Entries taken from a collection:
★ ★ ★ ★

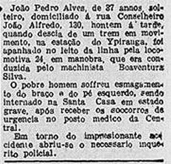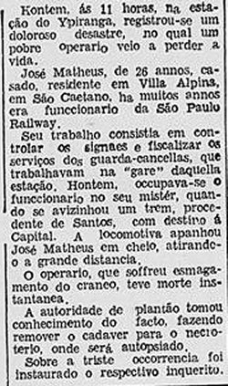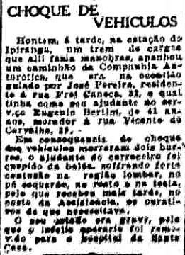 AO LADO: Acidente na estação (Correio de S. Paulo, 17/9/1936). |
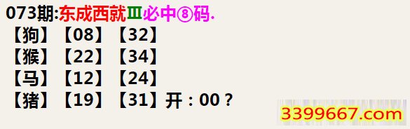 073期:东成西就Ⅲ必中⑧码
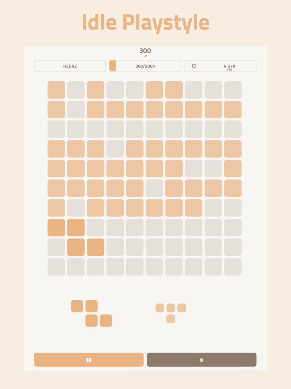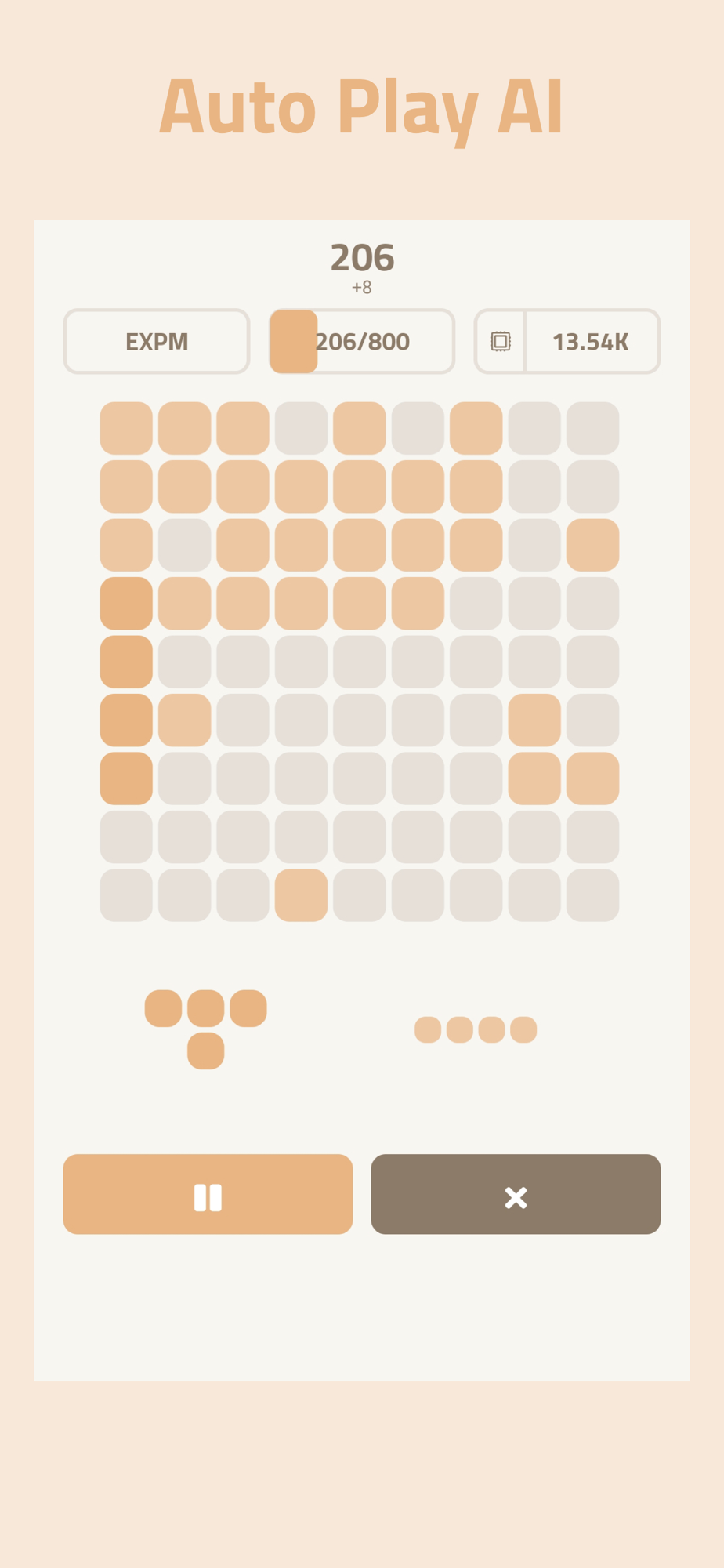 Many hand-crafted algorithms are available. Play with simple heuristic algorithms to get started. Unlock smart AI, advanced heuristics and deep learning ai machine learning, which are very powerful in solving the block puzzle.
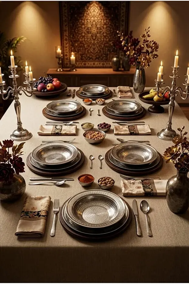 Yunusoğlu Home 12 Parça Otantik Dövme Metal Sunum Takımı: Sofralarınızda Saray Zarafeti
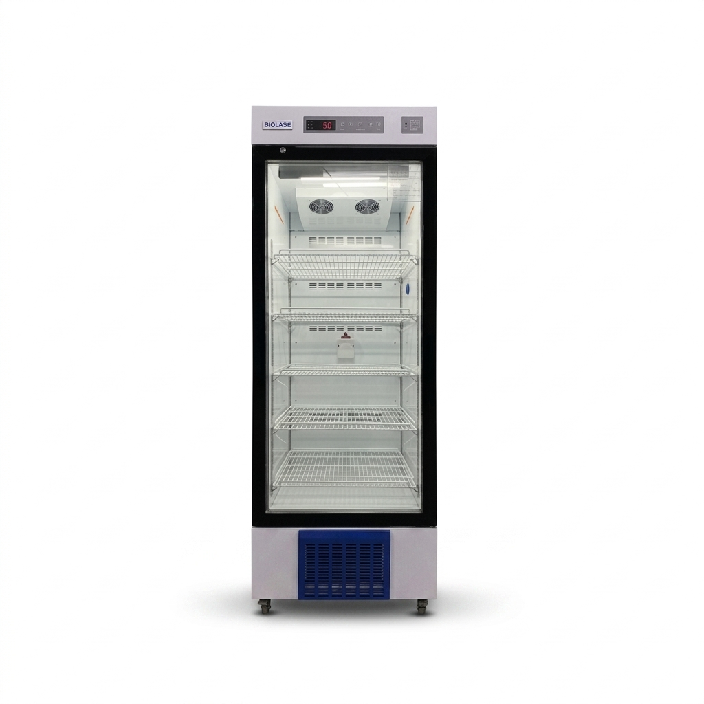 REFRIGERADOR DE LABORATORIO Y FARMACIA (CAPACIDAD 468L) de BIOBASE El modelo BPR-5V468 representa la excelencia en refrigeración científica, ofreciendo un equilibrio perfecto entre volumen de almacenamiento y estabilidad térmica. Utiliza un sistema de descongelación automática y circulación de aire forzado para evitar fluctuaciones de temperatura y la formación de escarcha, asegurando que cada estante mantenga las condiciones exactas configuradas. Su panel de control digital externo permite monitorear los parámetros sin abrir la puerta, minimizando la pérdida de frío. Además, cuenta con iluminación LED interna de bajo consumo y estantes ajustables que permiten optimizar el espacio según las necesidades específicas de almacenamiento del laboratorio.
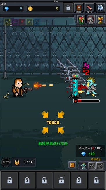 以传统的僵尸题材为背景,采用经典的像素画风打造,玩家只需要通过在点击射杀在防线以外的僵尸即可,但期间随着僵尸的改造,其蕴含的金币也愈来愈多。同时等级的提升武器的也会随着解锁,丰富多样的武器、僵尸和皮肤图鉴收集解锁,高度自由的技能加点,便捷简单的点击射击操作,辅以轻度休闲的武器佩戴、属性提升和僵尸自由升级改造玩法。
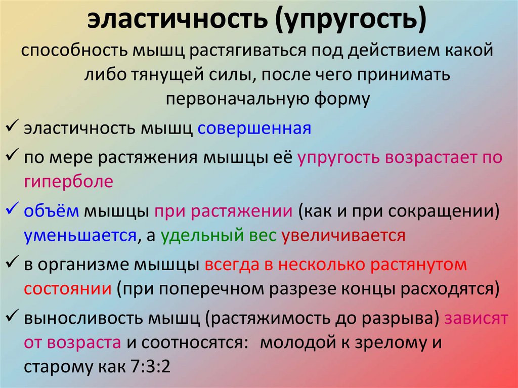 способность мышц растягиваться под действием какойлибо тянущей силы, после чего принимать
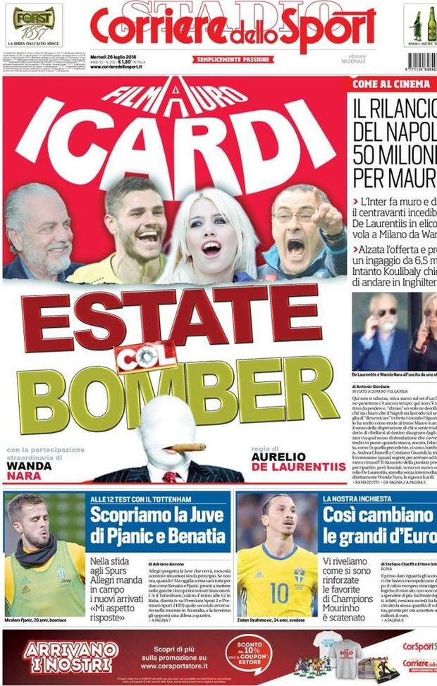 EDICOLA Cds – ‘Icardi estate col bomber’. Rilancio del Napoli: 50 milioni
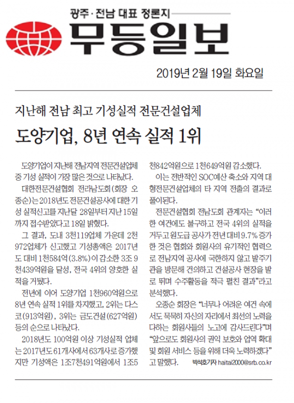 도양기업, 8년 연속 실적1위(무등일보)
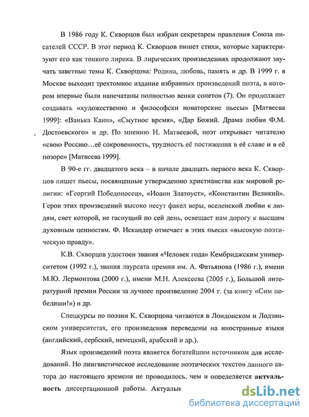 Объект исследования. Объектом исследования послужили тексты лирических произведений К. Скворцова, представленные в следующих изданиях: 1) К. Скворцов. Избранные произведения. В 3 т. - М.: Русская книга, 1999; 2) К. Скворцов. Берег милый. Лирика. - Челябинск: Взгляд, 2003; 3) К.

★ ★ ★ ★

● **Your goal**: Return the lines exactly as they stand, from the start of the entries through the line holding "073期:东成西就Ⅲ必中⑧码"; omit the pictures.

● **Answer space**:
 AO LADO: Acidente na estação (Correio de S. Paulo, 17/9/1936). |
 073期:东成西就Ⅲ必中⑧码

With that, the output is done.